Chapter 2
CHAPTER 2
Evelyn
“WAKE UP, EVELYN.”
I lift my head from the pillow and blink at Lizzie. My head pounds in time with my heartbeat and my mouth tastes … well, best not to think too hard about how bad my mouth tastes. “I need a toothbrush.” I look around, recognition rolling over me in waves. I’ve been here only a few times; I recognize the large bed with its absurdly high thread count and nice down comforter.
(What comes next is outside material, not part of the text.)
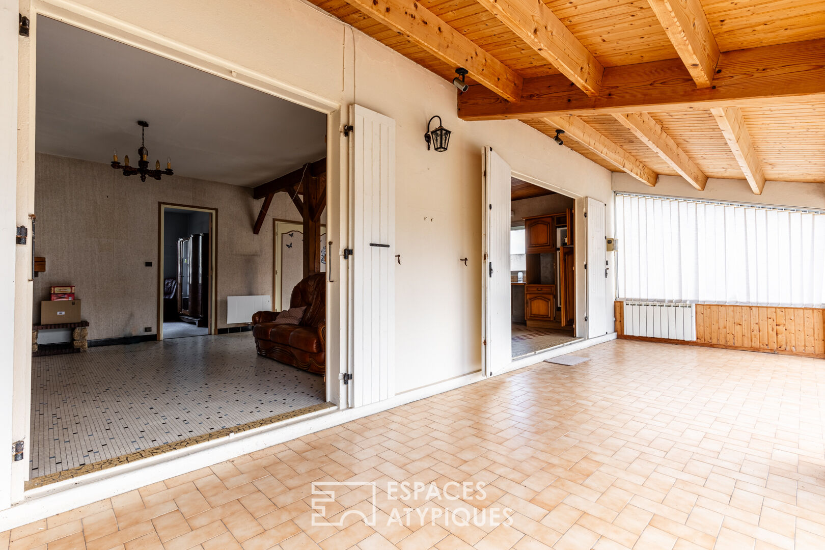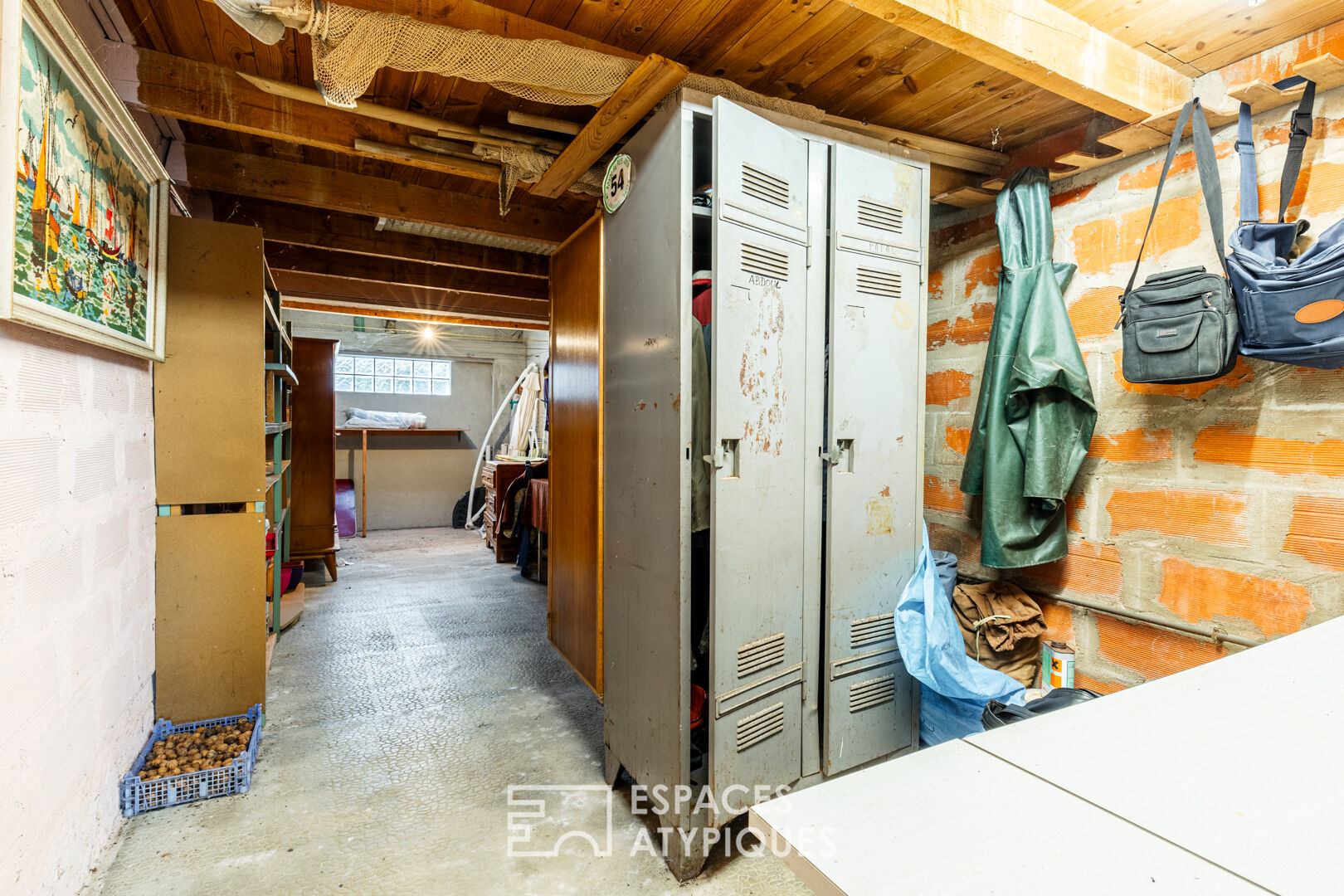 The main house with its three rooms reveals a veranda initially converted into a dining area, a lounge area with its corner fireplace and its kitchen. An office space and a bedroom facing the garden are complemented by a bathroom with integrated toilet. Adjoining the house, a space awaiting project and a workshop (former garage) give access to a second bedroom under a crawl space upstairs. A masonry cellar under the house with access from the garden completes this first part. An independent two-room workshop with water point and an open fireplace offers a second project while the independent garage in the first part of the plot offers a third project. Project which reveals a single-storey garage with a bathroom and a toilet. Upstairs, a platform divided into two parts under ramps was once a space dedicated to the youngest with an office-games area and a bedroom.

I’m still not even sure if vampires sleep, but Lizzie does nothing halfway. The bedroom is a luxurious dark oasis. Too luxurious for my tastes. Too dark. But I can appreciate it in small doses.
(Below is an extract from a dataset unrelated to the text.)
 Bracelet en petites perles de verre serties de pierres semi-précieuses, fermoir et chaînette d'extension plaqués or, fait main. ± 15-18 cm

“Why am I in your bed?” I sit up and have to press my lips together to keep from being sick. “Why did you bring me here? You should have just sent me home.” I have a vague memory of her carrying me into the house and tucking me in with her usual capable briskness. It might warm my heart if I didn’t feel so nauseous.
Of course, then she promptly ruins it. “So you could choke on your own vomit and die alone? I don’t think so.” She waves a hand. “It doesn’t matter now. There’s no time. You need to go.” Her expression is cold and her voice remote, not even a hint of the warmth I’ve gotten used to. There’s definitely none of the softness she showed me last night.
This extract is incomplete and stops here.